Bisnis.com, JAKARTA — Progres pembangunan smelter PT Freeport Indonesia (PTFI) telah mencapai 3,2 persen hingga akhir Agustus 2019 atau lebih tinggi dari target berdasarkan kurva s yang telah disampaikan kepada pemerintah sebesar 2,76 persen.
Direktur Pembinaan Pengusahaan Mineral Kementerian ESDM Yunus Saefulhak mengatakan capaian tersebut telah disesuaikan dengan belanja modal (capital expenditure/capex) perseroan yang meningkat menjadi US$2,7 miliar. Sebelumnya, pada Maret 2019 progres smelter telah mencapai 3,8 persen, tetapi berdasarkan capex yang masih senilai US$2,59 miliar.

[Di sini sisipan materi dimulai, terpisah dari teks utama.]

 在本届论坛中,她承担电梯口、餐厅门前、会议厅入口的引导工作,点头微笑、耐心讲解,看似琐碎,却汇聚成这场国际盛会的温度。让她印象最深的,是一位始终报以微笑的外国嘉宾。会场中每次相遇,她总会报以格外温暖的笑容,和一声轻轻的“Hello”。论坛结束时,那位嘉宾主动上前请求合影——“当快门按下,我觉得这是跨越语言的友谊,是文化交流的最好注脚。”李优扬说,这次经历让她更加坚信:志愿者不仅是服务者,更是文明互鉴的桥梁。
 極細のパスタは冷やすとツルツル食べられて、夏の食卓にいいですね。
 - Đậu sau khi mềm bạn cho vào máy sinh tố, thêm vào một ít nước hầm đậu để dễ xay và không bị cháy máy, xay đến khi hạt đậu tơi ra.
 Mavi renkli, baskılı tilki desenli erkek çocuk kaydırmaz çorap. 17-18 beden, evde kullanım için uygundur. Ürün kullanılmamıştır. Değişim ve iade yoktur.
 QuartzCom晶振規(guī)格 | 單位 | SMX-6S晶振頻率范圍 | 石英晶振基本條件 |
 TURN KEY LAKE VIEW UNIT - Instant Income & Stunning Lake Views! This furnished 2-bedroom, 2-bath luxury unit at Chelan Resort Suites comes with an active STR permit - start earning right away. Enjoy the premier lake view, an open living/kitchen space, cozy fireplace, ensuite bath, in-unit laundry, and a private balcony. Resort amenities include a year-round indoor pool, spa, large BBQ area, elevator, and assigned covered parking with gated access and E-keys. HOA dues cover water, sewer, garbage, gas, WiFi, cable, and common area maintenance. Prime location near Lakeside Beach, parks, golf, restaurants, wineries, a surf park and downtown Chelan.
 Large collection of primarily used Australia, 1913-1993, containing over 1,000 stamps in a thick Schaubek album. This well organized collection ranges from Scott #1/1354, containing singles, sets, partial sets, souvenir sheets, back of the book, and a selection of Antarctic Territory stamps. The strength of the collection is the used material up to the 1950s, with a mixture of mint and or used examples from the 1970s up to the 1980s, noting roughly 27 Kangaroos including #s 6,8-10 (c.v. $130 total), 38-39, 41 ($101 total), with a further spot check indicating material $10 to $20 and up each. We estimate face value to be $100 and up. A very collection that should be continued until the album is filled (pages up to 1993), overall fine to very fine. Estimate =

Peningkatan nilai capex untuk pengerjaan smelter menjadikan besaran pembagi untuk menghitung progres fisik smelter juga semakin besar sehingga hasilnya seolah-olah terjadi penurunan capaian. Padahal, lanjut Yunus, progres smelter Freeport Indonesia yang akan memiliki kapasitas 2 juta ton konsentrat tembaga tersebut justru telah melampaui target pada Agustus 2019.
Yunus menjelaskan peningkatan capex tersebut karena adanya perubahan teknologi yang digunakan. Sebelumnya, Freeport Indonesia menggunakan Mitsubishi untuk smelter yang berlokasi di Gresik tersebut, namun belakangan berganti menjadi Outotec.

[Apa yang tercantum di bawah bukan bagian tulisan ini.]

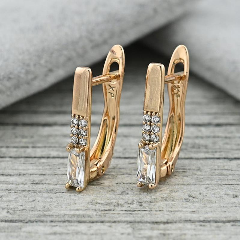 Серьги Утонченность 36327 размер 16х3 мм белие фианиты вес 1.6 г позолота 18К.
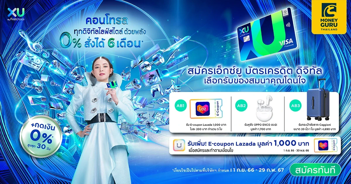 สมัครเอ็กซ์ยู บัตรเครดิต ดิจิทัล เลือกรับของสมนาคุณได้ตามไลฟ์สไตล์คุณ และเบิกถอนเงินสด ดอกเบี้ย 0% นานสูงสุด 30 วัน เมื่อสมัครบัตรฯ และมีการใช้จ่ายครบตามเงื่อนไข
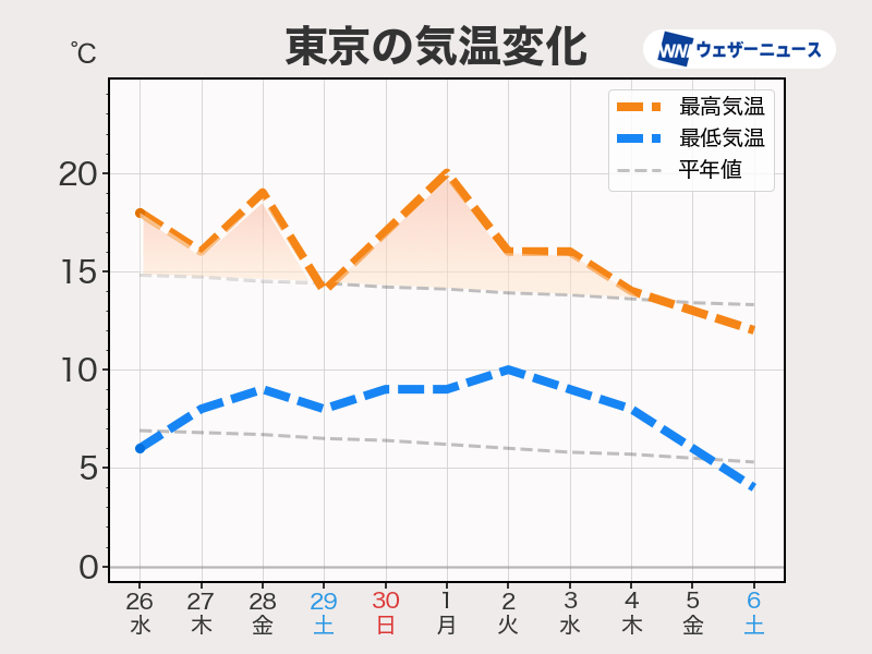 放射冷却現象などの影響で、朝晩は冷え込む日が多くなるので、一日の気温差に注意が必要です。
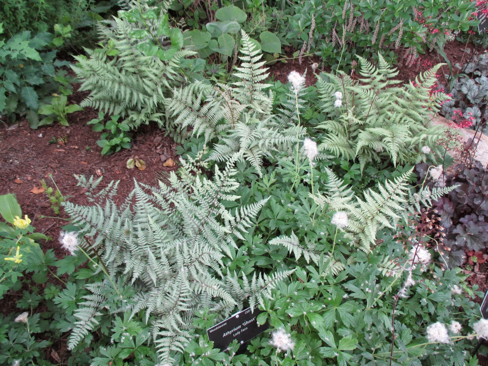 "No ghost was ever seen by two pair of eyes." Thomas Carlyle. I would argue that quote as it relates to the 'Ghost' hybrid painted fern (Athyrium hybrida) which I think is appreciated by everyone that sees it and grows it. This silvery fern is a hybrid between the native lady fern (Athyrium filix-femina) and the Japanese painted fern (Athyrium niponicum var. pictum). This fern, which came out 10 years ago?, has the benefit of the vigor and height of the lady fern and the silver patina of the painted fern. I love this fern and we've planted over 50 at the gardens. While the painted ferns are usually in the 15" height range, 'Ghost' can offer that same look on a plant close to 30" in height. The spring coloration has more of a light green/silver combination with the best silvering coming by mid-summer. While the silvering might not rival some of the other painted ferns (Athyrium niponicum), it is not insignificant. Position these in part sun in decent soils with adequate moisture and you can't go wrong. Unhappy specimens in dry locations or full sun can get quite scorched by mid summer and become unsightly quickly. We punctuate most of our shadier gardens with 'Ghost' as it offers some nice illumination of color in locations that rely heavily on foliage. All of these photos are of the 'Ghost' fern. There are some other exciting hybrids between lady ferns and painted ferns. Check out 'Branford Beauty', 'Branford Rambler' and 'Ocean's Fury' (crested) for some other fun options.
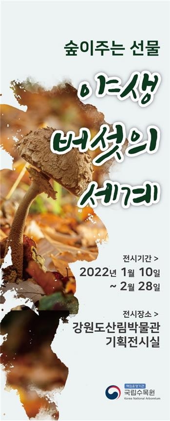 강원도산림과학연구원(원장 엄창용)에서 운영하고 있는 강원도산림박물관 (춘천시 화목원길 24)에서는 1월 11일 ~ 2월 28일까지‘숲이 주는 선물 – 야생버섯의 세계’를 주제로 산림생태계에서 중요한 역할을 수행중인 다양한 버섯의 종류들에 대해 야생버섯 기획전시회를 개최한다.
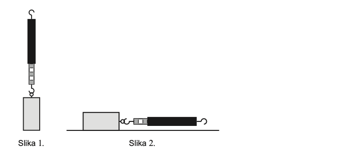 Učenici su dobili zadatak odrediti faktor trenja između utega i podloge koristeći se dinamometrom. Na slici 1. prikazan je uteg ovješen na dinamometar, a na slici 2. prikazan je isti uteg kada se povlači dinamometrom jednoliko po podlozi. Jedan podjeljak na dinamometru odgovara sili od 1 N . Koliko iznosi faktor trenja između utega i podloge?
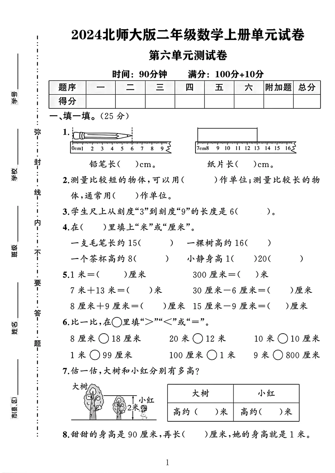 北师大版数学 二年级上册数学 第六单元测试卷 单元测试 电子版可打印 试卷
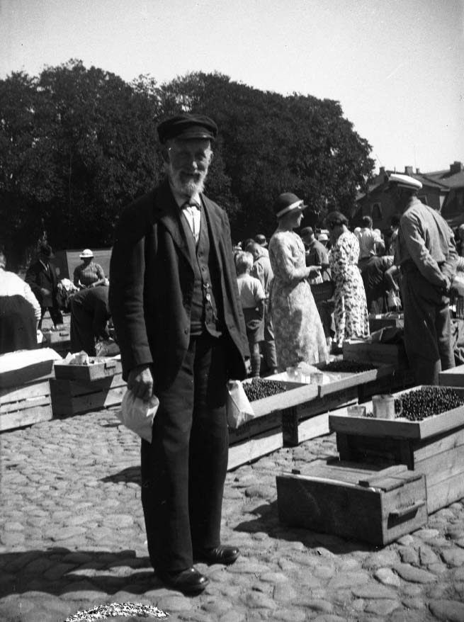 En man står med påsar i händerna på torghandel i Varberg. Bredvid honom står lådor med körsbär. Huset till höger är det gamla Apoteket. Av damernas klädsel att döma ser det ut att vara 1930-tal.
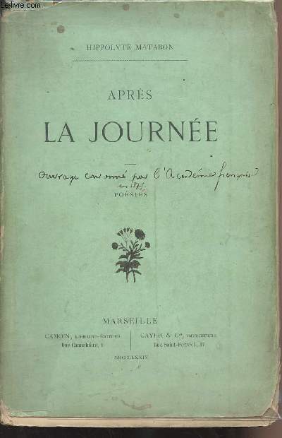 Camoin/Cayer & Cie. 1874. In-8. Broché. Etat d'usage, Couv. convenable, Dos abîmé, Intérieur acceptable. XXXI + 242 pages. 2e plat légèrement déchiré et désolidarisé. 1er plat désolidarisé et annoté à l'encre. Quelques traces de mouillures. Ex libris. Dos cassé.Annotation au crayon de papier en page de garde.. . . . Classification Dewey : 841-Poésie

"Ini kurva s terbaru karena dulunya menggunakan Mitsubishi berubah menjadi Outotec," katanya, Senin (23/9/2019).
Saat ini, kegiatan pembangunan smelter difokuskan pada pematangan lahan yang dinilai menjadi salah satu kendala pembangunan.
Menurutnya, dengan lahan yang mengandung lumpur, perlu dilakukan pemboran untuk menghilangkan kandungan air. Kondisi ini bertujuan agar smelter yang dibangun menjadi stabil.
Juru Bicara Freeport Indonesia Riza Pratama mengatakan pematangan lahan setidaknya akan rampung hingga awal tahun depan. Setelah itu, pembangunan fisik baru bisa mulai dikerjakan.
"Semoga saja [rampung sebelum 2022]," katanya.